Эдуард старался не затрагивать взаимных обид, когда встречался с Александром во время своих кратких визитов к матери, так что естественным образом стал выполнять относительно всех членов семьи роль посредника. С Александром его роднила любовь к жизни и к приключениям, любовь ко всему неодушевленному и живому, — хотя их наклонности были противоположны, — некое любопытство, придававшее их поведению определенный динамизм. Но в то время как Александр без устали ниспровергал заведенный порядок и строил заговоры против общества, Эдуард разделял с Поставом врожденное уважение к заведенному порядку, который он считал нормальным, то есть здоровым, желательным, ниспосланным свыше. Конечно, можно легко сблизить конформиста Постава с доверчивым Эдуардом так, что их можно спутать. Но братьев глубоко различала та доля сердечности, которую вносил Эдуард во все, его веселый и открытый вид, врожденная, лучезарная, заразительная удачливость и душевное равновесие, заставлявшие людей стремиться к нему и оставаться рядом, словно согреваясь и обретая уверенность возле него.

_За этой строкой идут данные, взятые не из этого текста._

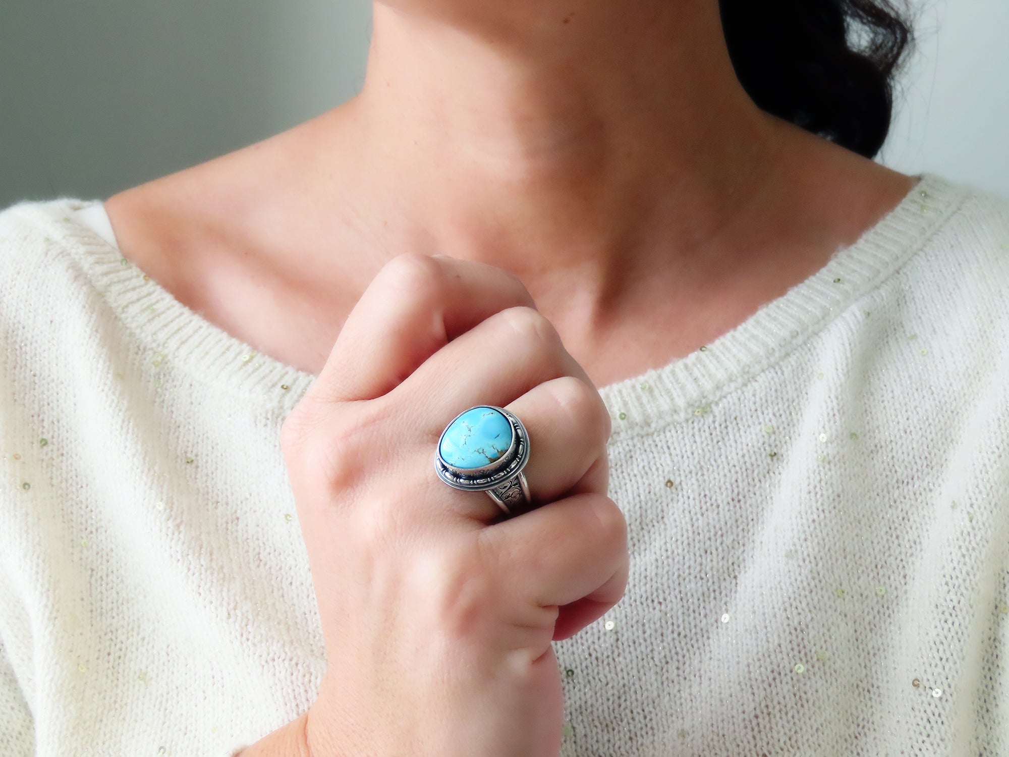 This artisan ring is available for custom sizing. The ring features a lovely blue Golden Hills Turquoise cabochon. The ring photographed is a mock-up of the final design. The stone is currently floating in the setting. When finished and properly set, the ring will have a much cleaner look. Additionally, the band design can be modified to your preference.

Эта дробная жизнь долго казалась Эдуарду шедевром удачной организации. В «Звенящих камнях» он полностью отдавался требованиям фабрики и заботам о Марии-Барбаре и детях. В Париже он вновь становился праздным состоятельным холостяком, переживавшим вторую молодость. Но с годами этому мало склонному к внутреннему анализу человеку все же пришлось признать, что каждая из его жизней лишь маскирует другую и скрывает пустоту и неизбывную тоску, составляющие сущность обеих. Как только в Париже на него накатывала тоска, — после вечера, возвращавшего его в одиночество большой квартиры, где в высоких узких окнах всеми бликами искрилась Сена, он мчался в порыве ностальгии к нежному и теплому беспорядку усадьбы. Но в «Звенящих камнях», закончив ненужный туалет перед выходом в фабричную контору, он представлял себе разверзшийся перед ним бесконечный день, его охватывала горячка и приходилось силой удерживать себя от бегства в Динан, где еще можно было успеть на парижский скорый. Сначала он чувствовал себя смутно польщенным тем, что на фабрике его называли «парижанин», но год от году он все отчетливей ощущал заключенную в этом прозвище ноту осуждения и сомнения в его намерениях и способностях. Равным образом он долгое время с улыбкой принимал то, что друзья смотрят на него — шармера, давно поднаторевшего в искусстве галантного флирта, — как на богатого, немного неотесанного провинциала, несведущего в большом городе, наделенном в его глазах вымышленными достоинствами, но теперь его раздражало это их мнение о нем, как о бретонце, охваченном парижским загулом, мужском варианте Бекассины, этаком Бекассене в круглой шляпке с лентой, в деревянных башмаках и с волынкой под мышкой. На самом деле эта двойная принадлежность, долгое время бывшая источником счастья наряду с лишним достатком, теперь представлялась ему двойной ссылкой, двойной потерей корней, и в этом разочаровании сквозила растерянность перед неожиданно возникшей проблемой, перед зловещей и неудобной перспективой старения.